Há uma proporcionalidade entre gênero, diferença e espécie com matéria, forma e

composto. Na definição, o gênero é o elemento indeterminado, e a diferença específica é o

elemento determinante; nas substâncias, há uma proporcionalidade da matéria para com o

primeiro, e da forma para com a segunda, mas não identidade.53

[...] nas substâncias materiais, gênero e diferença, como elementos da definição, pode-se dizer que correspondem à matéria e forma da substância concreta somente indiretamente, ou melhor, “proporcionalmente”: isto é, o gênero, que é o elemento indeterminado da definição, corresponde à matéria, que é princípio puramente potencial, e a diferença, que é elemento

especificante, corresponde à forma, que é princípio causal. 54

O gênero não é matéria, mas é tomado dela como significando o todo; a diferença

específica não é a forma, mas é tomada dela como significando o todo; a espécie expressa o

todo mais determinadamente do que as outras intenções lógicas, e contém em si as diferenças

individuais, indeterminadamente.

A unidade do gênero, afirma São Tomás no parágrafo 25, “procede da própria

indeterminação ou indiferença”, porque “o gênero significa alguma forma, não porém

determinadamente esta ou aquela, que a diferença exprime determinadamente, a qual não é

outra senão aquela que era significada indeterminadamente pelo gênero”. O gênero não é,

portanto, como a matéria-prima, que é denominada una pela “remoção de todas as formas”, e

à qual se acrescenta a forma, determinando-a. O gênero não é desprovido de forma, mas

contém em si todas as formas das espécies, indeterminadamente.55 Pela adição da diferença

específica, é removida a indeterminação.

O fato de que o gênero contenha indeterminadamente a forma e determinadamente a

matéria, e que a diferença específica determine a forma, significando implicitamente a

matéria, porém indeterminadamente, é o que permite que sejam predicáveis.

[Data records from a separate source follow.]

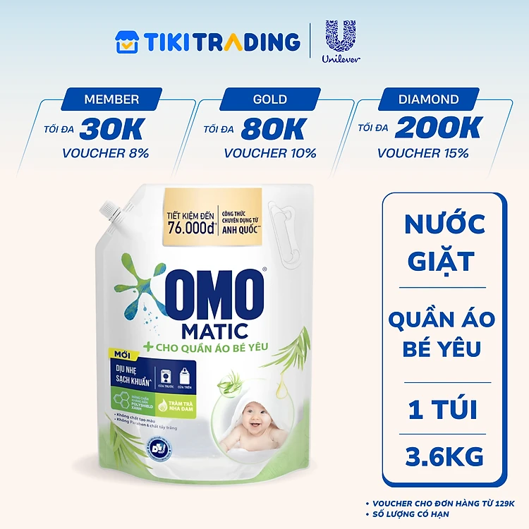 Túi Nước Giặt Omo Matic Cho Quần Áo Bé Yêu Chiết Xuất Tràm Trà Và Nha Đam Dịu Nhẹ, Sạch Khuẩn 3.6kg
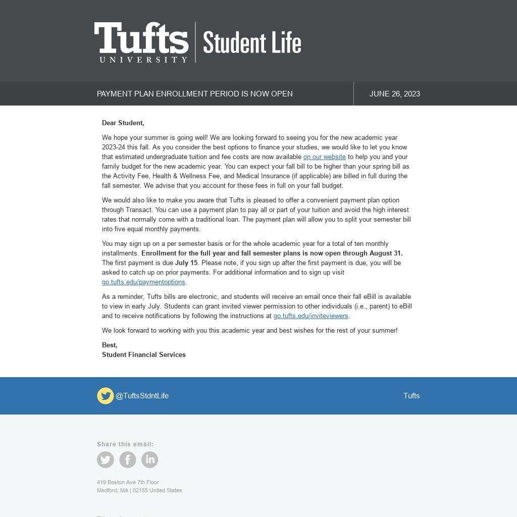 We would also like to make you aware that Tufts is pleased to offer a convenient payment plan option through Transact. You can use a payment plan to pay all or part of your tuition and avoid the high interest rates that normally come with a traditional loan. The payment plan will allow you to split your semester bill into five equal monthly payments.
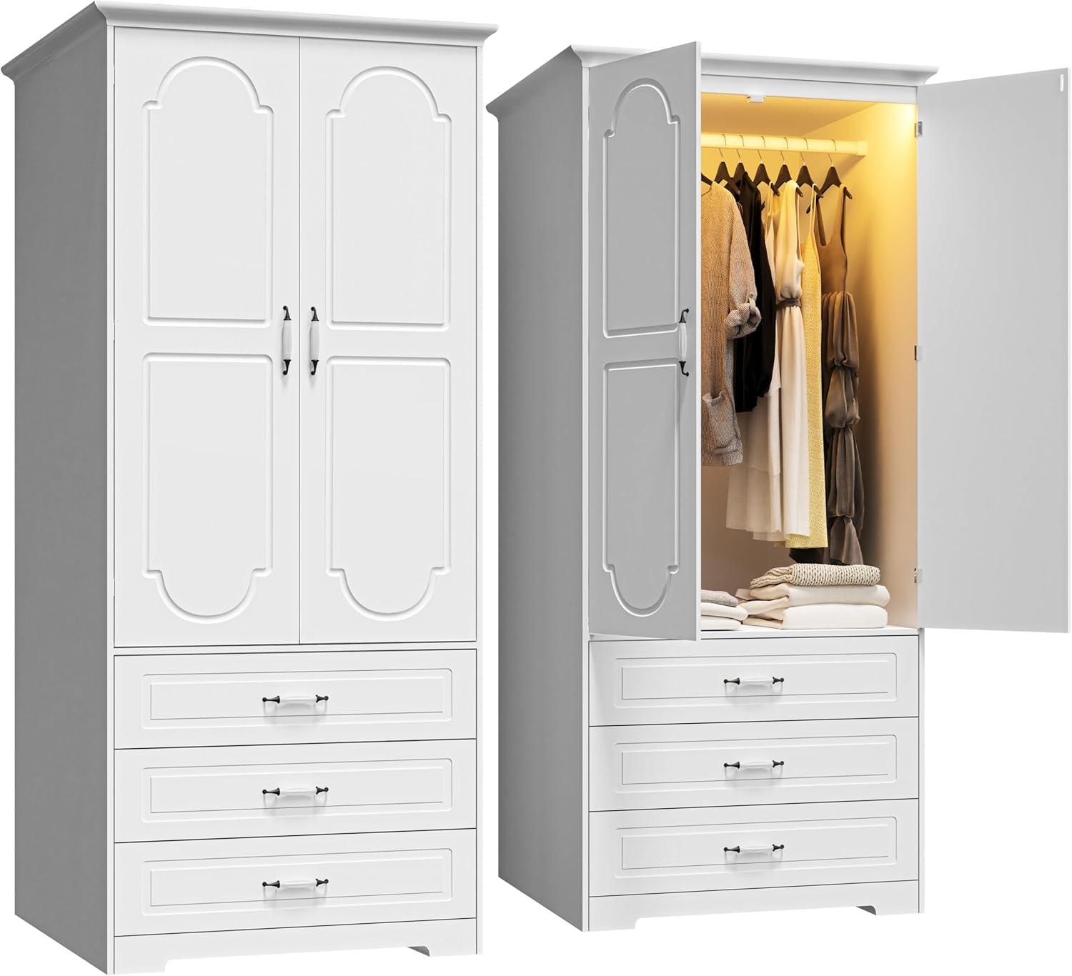 Living with the Wooden Armoire Wardrobe Closet with 3 Drawers and LED Light 72″ Modern Bedroom Armoire with Retro Ceramic Door Handles Wardrobe Cabinet with Removable hanging Rod White, you notice it quiets a corner of the room in small ways over time. In daily routines it finds its role — holding the out-of-season shirt, catching the scuff of a shoulder bag, smoothing into the path you take between bed and window — and those small interactions shape how it feels under your hand and eye. The surfaces collect the soft evidence of use, the door closes with the same familiar give, and its presence gradually becomes part of regular household rhythms. After a while it simply stays.

[...] é preciso que aquilo que é espécie, na medida em que se predica do indivíduo, signifique o todo que está essencialmente no indivíduo, embora

53 Sobretudo se pensamos nas substâncias puramente espirituais, nas quais o gênero não poderia

corresponder à matéria. 54

Cf. FABRO, Cornelio. Introduccion al tomismo. Trad.: María Francisca de Castro Gil. Madri: Rialp, 1967, p. 61. Tradução livre do espanhol para o português de nossa autoria. 55 A unidade do gênero não é como a unidade da matéria-prima. A unidade da matéria-prima se dá pela exclusão de toda e qualquer forma. Por isso se diz que a matéria-prima é “pura potência”. A unidade do gênero, como foi dito, não se dá pela exclusão das formas, mas por sua indeterminação.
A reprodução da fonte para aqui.